12. But something quite different and still not understandable to you is when the living spirit makes its full appearance within the soul, completely lighting up the entire soul from within. This is then an everlasting light that never goes out, lighting up and nourishing all the soul’s parts through and through, causing it to fully unfold. Once that has taken place within the soul, it no longer needs to learn individual parts, through and through, causing it to fully unfold. Once that has taken place within the soul, it no longer needs to learn individual parts, for then everything within the soul is suddenly advanced to full clarity, whereupon the fully reborn spirit, man, no longer needs to ask: “Lord, what is this or that? Then the born-again penetrates into all the depths of My divine wisdom.

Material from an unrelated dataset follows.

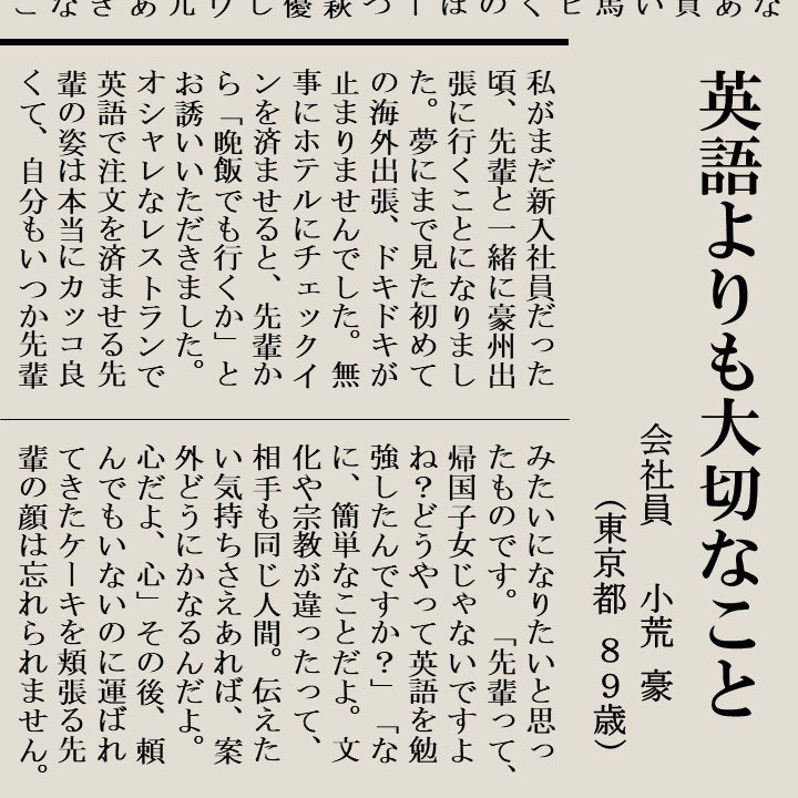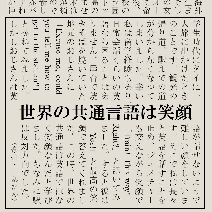 豪州で働き始めた日、英語に自信がない自分に同僚がかけてくれた言葉が忘れられない。「お前の英語が下手だなんて誰も思ってないぞ。俺は英語しか話せないから、頑張って外国語を身につけたお前を尊敬してる。聞き取れなかったら俺らのせいだからお前は何も気にせず話せ。」この言葉のお陰で今がある。

13. But to enable you to grasp this truth more profoundly, I shall read this writing out to you, whereupon a thousand questions shall surface within you; hence hearken to what it says.
14. ‘Rest is like death – inactive. Yet this resting nonetheless is no resting but an inhibition of movement. Remove the points of inhibition, and rest returns to movement! Yet movement is itself not such, but a search for a resting point, and when the latter is found and movement has become rest, then rest isn’t such but a constant striving for movement. The latter then ensues as soon as those inhibiting points are removed through which the movement turned into rest. Hence there is rest without rest and motion without motion. Rest is motion and motion is rest. There is indeed basically neither rest nor motion, because each constantly cancels the other either through an equally affirming or negating measure. Oh thou world that rested under this stone, thou rested not but movest in thy striving, which is the weight of your sin. You are now ripening towards life; you perpetually try to rend your inhibiting bands, and once rent, thou shall plunge into infinity, to there seek again what you now have. One life tarries, another flees; but the tarrying one would flee and the fleeing is in search of staying. God, Thou primordial fountain of true life, give true rest to rest, and proper motion to motion!
15. Say unto me whether you have understood this inscription?” Says the Franciscan: “Lord, for me this was pure Japanese; that’s all I can say! But can you please clarify this a little!